Increasing cannabis use and importance as an environmental contaminant mixture and associated risks to exposed biota: A review
Published in Critical Reviews in Environmental Science and Technology, 2022
Emily K. C. Kennedy, Genevieve A. Perono, Dion B. Nemez, Alison C. Holloway, Philippe J. Thomas, Robert Letcher, Chris Marvin, Jorg Stetefeld, Jake Stout, Oliver Peters, Vince Palace, Gregg Tomy
Since its discovery, cannabis has been largely used for its therapeutic effects and has been prescribed to treat a range of symptoms and diseases including, but not limited to: neurodegenerative and psychiatric disorders, chronic pain, epilepsy, spasticity associated with multiple sclerosis, chemotherapy-induced nausea and vomiting, appetite loss, glaucoma and cancer (Table 1).

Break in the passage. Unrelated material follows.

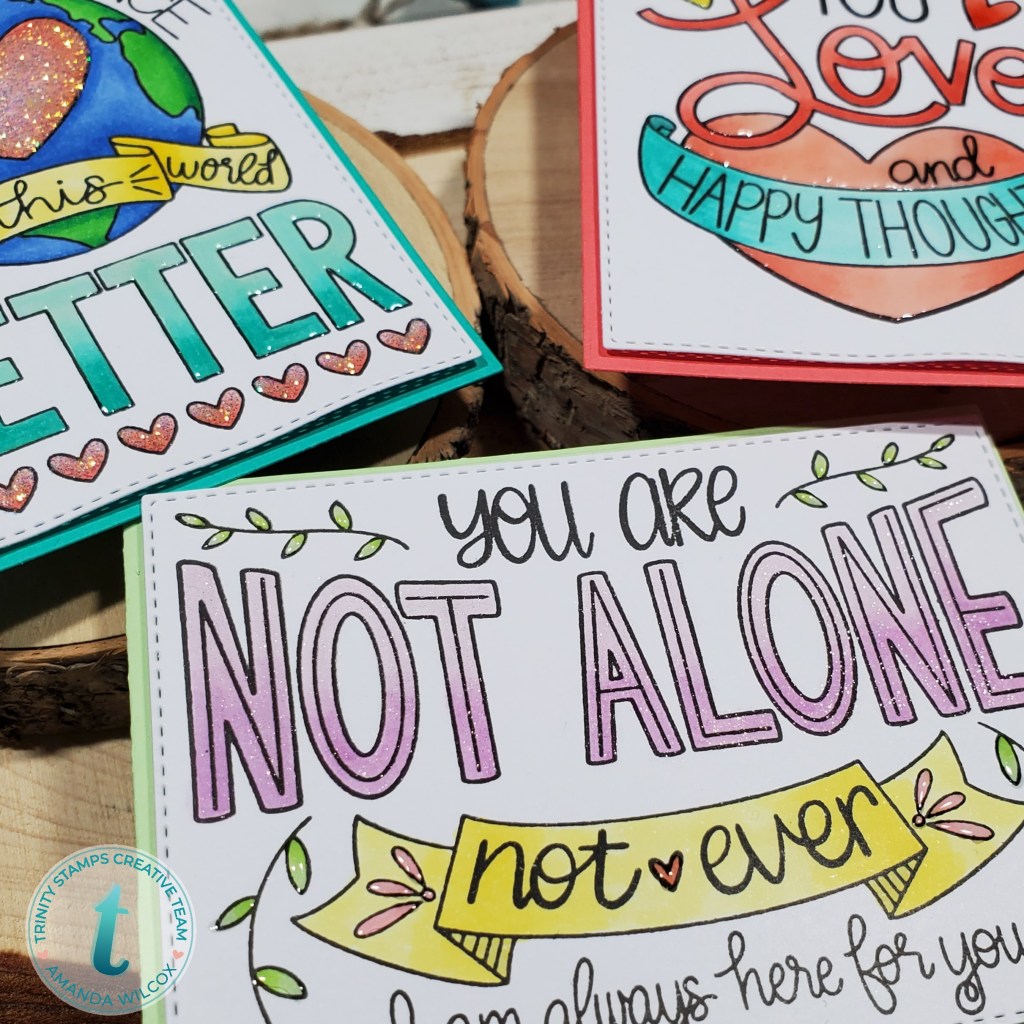 Hi everyone! I’m over on the Trinity Stamps blog today sharing this set of mini encouragement cards featuring the new word art stamps – Not Alone, Love & Happy Thoughts and A Better Place. I paired them with the new Slimline Series: Frame & Fold dies to make some quick, easy and gorgeous mini cards to share with anyone in your life needing a little pick-me-up!

A systematic review and meta-analysis of 79 randomized clinical trials (RCTs) investigating the benefits and adverse events of medical cannabinoids (i.e. smoked cannabis, synthetic cannabinoids (nabiximol, nabilone, dronabinol, levonantradol, ajulemic acid), CBD and Δ9-THC) reported that most RCTs found an association between improvement in symptoms and cannabinoid use (Whiting et al., 2015). However, analysis by Whiting et al. (2015) found that most of these associations did not reach statistical significance, an effect which may be explained by the large heterogeneity (i.e., variety of outcome measures, time points reported, and comparator groups) and small sample size of the included studies (Whiting et al., 2015). Nonetheless, there was moderate- and low-quality evidence in support of cannabinoid use for the treatment of chronic pain and spasticity, and nausea and vomiting, respectively (Whiting et al., 2015). This provides proof of concept of the therapeutic potential of cannabinoids and further investigation with larger, more robust RCTs are warranted. A more comprehensive review of the therapeutic uses of cannabis and its derivatives have been described elsewhere (Reviewed in: (Gonçalves et al., 2020; Health Canada, 2018a; Maccarrone et al., 2017; National Academies of Sciences et al., 2017).